Em criança, Ensa nunca imaginou que um dia se tornaria pintora. No ensino básico, vivia num colégio em Baguia e, mais tarde, do 3.º ciclo ao ensino superior, passou a viver com o seu tio em Díli.
Dois anos depois, Ensa regressou à Arte Moris e decidiu dedicar-se em pleno à pintura. Passou a viver no edifício da instituição e tornou-se assistente dos formadores.
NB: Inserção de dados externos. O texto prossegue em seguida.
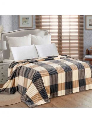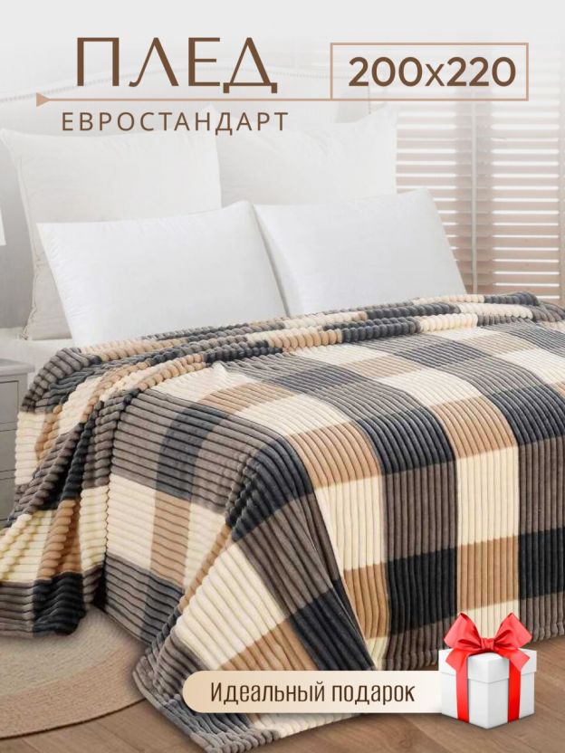 Плед евро, 200х220 см, велсофт жаккард, 100% полиэстер, Silvano, Полоски, Клетка, бежевый, ST-202

No início, o processo artístico baseava-se em reproduções de desenhos com lápis e papel, explorando a mistura de cores até começar a pintar com tintas em tela. “No começo, não sabia para onde ia ou o que o futuro me reservava, mas depois de entender o que queria criar, apaixonei-me pela arte visual”, recorda.
No início da sua entrada no mundo das Belas Artes, Ensa sentiu medo e confusão, sobretudo por ser mulher, uma vez que chegou a ouvir comentários que a fizeram duvidar de si mesma. “Não estudas e vais viver da arte, achas isso correto?”, ouviu. No entanto, com o tempo, encontrou serenidade e adaptou-se à nova realidade. “Eu disse a mim mesma: Posso fazer alguma coisa”, recorda.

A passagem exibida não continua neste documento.